And mental math does here about 25% of the US market ballpark, give or take, and you have an excellent reputation. So my question is, what if you just said no to your customers if they don't want to sign your pricing model? What happens?

Well, I would imagine there would be. Well, first of all, that you know if that wouldn't be our approach.

Speaker 5

No, I know that, hypothetical.

We view this as a partnership. The market is competitive, and customers are seeking optimal solutions that provide better and more reliable outcomes. Our history of successfully starting rigs from a dormant state is strong; only a few rigs have operated in the past year, with the majority remaining idle for 15 to 18 months. It's essential to work with a partner who can effectively deliver results right away. While this is a complex question, the positive aspect is that some customers are interested in changing their model as they recognize the improved results it can offer. Although certain customers may prefer to stick with the day rate model, we will continue to push for better pricing in that area as well.

Speaker 5

Do you find that those who are willing to embrace that model are more likely to be larger public companies, or is that not the case?

John, in the past, we didn’t have nearly as many rigs working for private companies. However, I am very encouraged that across the board—whether it’s super majors, large independents, mid-cap companies, or small private firms—our customers are interested in technology. They want to improve their effectiveness, efficiency, and reliability. We are all aiming to make our businesses operate as efficiently and effectively as possible, and we are collaborating with other suppliers to achieve that. I believe this trend will continue. A great example is the increasing number of private companies utilizing AC drive, super-spec rigs today, compared to three years ago when many were using smaller players with SCR rigs and even some mechanical rigs. There has been a significant shift. The most sophisticated private companies, those excelling in their sectors, are the ones attracting investment dollars, and we are pleased to partner with them.

Speaker 5

Okay. Well, very good color and good anecdotes in the messaging on the prepared remarks. The final one for me, more, I guess, housekeeping, I guess. But can you remind me where you peaked in Argentina? And then, just some thoughts on that specific market as you head into next year.

When I say 10 or 11, was it 10 to 11, Dave, you remember the count what you had at the map.

Dave Wilson Head of Investor Relations

11, yes.

So we have three working now and the fourth one, as we said, about to go back to work, with discussions with operators for even more interest.

Speaker 5

Okay. Thank you, guys, very, very much.

Thanks, John. Be careful.

Operator

We'll go next to Vebs Vaishnav with Coker & Palmer. Please go ahead.

Speaker 6

Thank you for taking my question. It seems that short-term improvements could come from reactivating rigs that have been idle for an extended period. Could you provide some insight into the current costs associated with rig reactivation, where those costs might head, and how the payment structure works for that? Additionally, could you help us understand the factors that influence day rate increases, especially considering there are still around 200 super-spec rigs available? That would be really helpful.
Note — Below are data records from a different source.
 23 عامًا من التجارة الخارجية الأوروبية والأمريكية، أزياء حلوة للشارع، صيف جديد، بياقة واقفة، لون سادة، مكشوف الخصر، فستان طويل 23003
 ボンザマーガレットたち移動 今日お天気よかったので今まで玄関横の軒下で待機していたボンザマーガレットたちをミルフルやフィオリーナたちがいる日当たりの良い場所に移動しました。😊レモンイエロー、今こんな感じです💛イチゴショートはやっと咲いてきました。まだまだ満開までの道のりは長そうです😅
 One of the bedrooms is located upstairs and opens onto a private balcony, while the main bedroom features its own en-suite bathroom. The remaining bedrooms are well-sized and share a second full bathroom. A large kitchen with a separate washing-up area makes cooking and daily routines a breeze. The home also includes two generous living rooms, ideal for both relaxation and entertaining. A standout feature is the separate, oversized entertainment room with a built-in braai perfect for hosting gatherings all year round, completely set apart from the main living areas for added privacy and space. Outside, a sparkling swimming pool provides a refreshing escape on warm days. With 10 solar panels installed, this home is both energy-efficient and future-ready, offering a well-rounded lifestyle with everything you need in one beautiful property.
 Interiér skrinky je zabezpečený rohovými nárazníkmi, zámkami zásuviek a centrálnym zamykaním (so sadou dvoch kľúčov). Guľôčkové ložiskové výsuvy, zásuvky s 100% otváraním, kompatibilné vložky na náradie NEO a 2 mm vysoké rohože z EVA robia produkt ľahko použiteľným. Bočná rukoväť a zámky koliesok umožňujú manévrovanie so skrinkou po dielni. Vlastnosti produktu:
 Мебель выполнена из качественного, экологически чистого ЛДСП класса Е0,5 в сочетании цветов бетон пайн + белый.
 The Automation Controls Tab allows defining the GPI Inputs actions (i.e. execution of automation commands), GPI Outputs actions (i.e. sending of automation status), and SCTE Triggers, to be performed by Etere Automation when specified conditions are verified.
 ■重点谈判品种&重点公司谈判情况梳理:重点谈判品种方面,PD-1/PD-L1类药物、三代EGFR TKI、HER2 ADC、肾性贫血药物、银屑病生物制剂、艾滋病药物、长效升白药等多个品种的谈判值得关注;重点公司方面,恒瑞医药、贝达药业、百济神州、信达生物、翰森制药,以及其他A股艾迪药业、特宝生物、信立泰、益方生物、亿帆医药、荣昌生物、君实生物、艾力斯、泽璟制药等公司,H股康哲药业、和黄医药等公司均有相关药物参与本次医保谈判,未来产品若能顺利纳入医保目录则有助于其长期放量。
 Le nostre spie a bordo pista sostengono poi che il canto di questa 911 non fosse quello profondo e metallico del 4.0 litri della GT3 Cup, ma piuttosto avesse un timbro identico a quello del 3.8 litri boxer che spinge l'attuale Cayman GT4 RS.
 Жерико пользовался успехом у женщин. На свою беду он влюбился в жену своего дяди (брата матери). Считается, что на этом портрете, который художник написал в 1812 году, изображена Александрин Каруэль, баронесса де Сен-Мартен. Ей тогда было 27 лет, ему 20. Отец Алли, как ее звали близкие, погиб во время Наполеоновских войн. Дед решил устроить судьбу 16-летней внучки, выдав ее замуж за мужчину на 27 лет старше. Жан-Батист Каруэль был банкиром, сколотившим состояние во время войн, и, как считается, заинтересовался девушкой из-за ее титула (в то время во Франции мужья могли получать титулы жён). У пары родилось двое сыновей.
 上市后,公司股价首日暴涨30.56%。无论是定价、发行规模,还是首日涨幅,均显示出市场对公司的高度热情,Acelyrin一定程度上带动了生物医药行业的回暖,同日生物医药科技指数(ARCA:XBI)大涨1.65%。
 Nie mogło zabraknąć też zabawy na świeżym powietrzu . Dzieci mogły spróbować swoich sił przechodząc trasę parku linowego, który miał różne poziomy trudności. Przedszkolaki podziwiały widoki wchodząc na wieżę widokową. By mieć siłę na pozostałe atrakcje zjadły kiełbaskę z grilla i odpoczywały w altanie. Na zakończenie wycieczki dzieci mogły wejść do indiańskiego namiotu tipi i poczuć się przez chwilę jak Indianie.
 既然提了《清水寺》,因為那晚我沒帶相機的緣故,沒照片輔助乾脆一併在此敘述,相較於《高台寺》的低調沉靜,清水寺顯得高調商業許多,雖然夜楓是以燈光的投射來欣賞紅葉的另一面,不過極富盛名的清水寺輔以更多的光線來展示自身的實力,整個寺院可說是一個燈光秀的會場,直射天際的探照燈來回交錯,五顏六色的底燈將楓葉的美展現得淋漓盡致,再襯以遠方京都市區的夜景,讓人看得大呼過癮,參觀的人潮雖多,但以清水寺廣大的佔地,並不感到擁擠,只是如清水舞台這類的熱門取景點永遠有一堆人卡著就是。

We'll start with the reactivation process and then turn it over to Mark. Cost-wise, reactivating a rig in our fleet today ranges from $400,000 to $500,000. Initially, when considering how many rigs we've reactivated, we've done about 76 or 77. The earlier rigs cost around $100,000 to $150,000 to reactivate. As we tackle rigs that have been idle longer, the costs increase. Our goal is to recoup these reactivation costs, which can be achieved in several ways, including performance-based pricing or a portion of the term. We won’t reactivate a rig unless we have sufficient work lined up to justify the investment. We also aim to share the improved outcomes we provide, and fortunately, we have customers willing to do that. Is there anything else to add on this question?

I'll just footnote that with some numbers detail, John. And if you think about the margins from our perspective, the regular apples-to-apples, quarter-to-quarter operating margins bottomed out in Q4 of fiscal 2020. And what we've seen this year and margins are affected by these recommissioning costs primarily. If you think about what we just guided for Q4 that we're in now, $8 million. If you do the math on that, that can basically equate to about $700 a day detriment to our Q4 earnings. So in the absence of that, Q1 fiscal 2022, $700 improvement in margins just for those reactivated rigs. Is that helpful?

Speaker 6

That's a fair point. It actually leads nicely to my next question. You've clearly made progress in reducing costs, and I understand you are still focused on that. Looking ahead a couple of years, if we consider a scenario where around 200 H&P rigs are operational, how should we view the normalized cost when we exclude the rig reactivation expenses and establish more stable base cost levels? Can we...?

Sorry, go ahead.

Speaker 6

I was just trying to say if it would come back to 13,000, 14,000 level, or is that a different level now?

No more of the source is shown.